Traffic signal mast arms hold the dangling pipes over Concord Road at a height of seven feet, which is the same maximum height for the one-lane bridge.
The system is intended to be struck by too-tall vehicles as they approach the historic covered bridge, giving them time to turn around.
Cavitt said the county has been discussing whether it should use different materials for the pipes and will meet Tuesday to see what changes can be made.
“We did not anticipate the speed at which some of these over-height vehicles would hit the chains,” he said. “However the devices have stopped the ongoing bashing of the bridge’s protective beams and frequent traffic backups.”
At least one person has asked Cobb County to consider changing out the PVC pipes to a softer material.

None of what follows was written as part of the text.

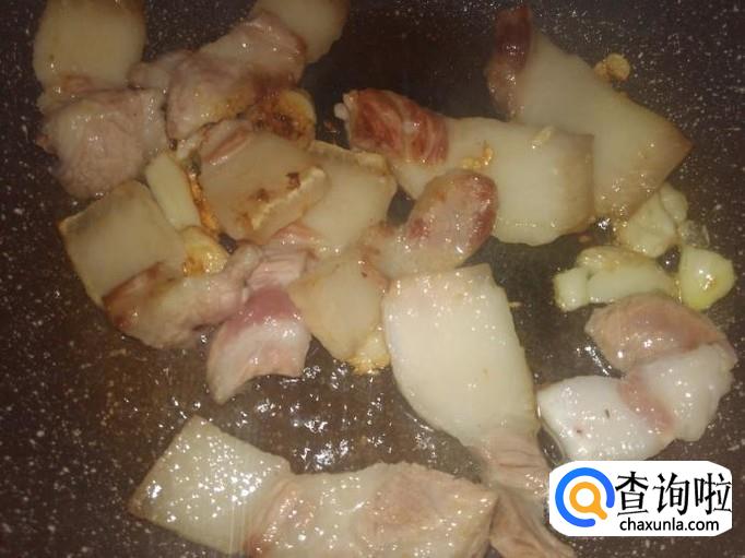 然后把肥点的肉片先进去煎出油。

Robbie Hewitt of Smyrna said he’s asked the county to switch the material to something similar to the rubber used in traffic lane dividers “so they won’t bounce so hard” when they are hit by large vehicles.
Cobb County employees make weekly visits to the site to straighten the PVC pipes when they become tangled or knocked over the mast arms after being hit so hard by drivers of large vehicles, Hewitt said. He believes the cost of sending employees to fix the dangling pipes on a weekly basis could eventually add up.
“A simple change of material could cut the cost dramatically,” he said. “As a Cobb resident I hate seeing my tax dollars wasted like this.”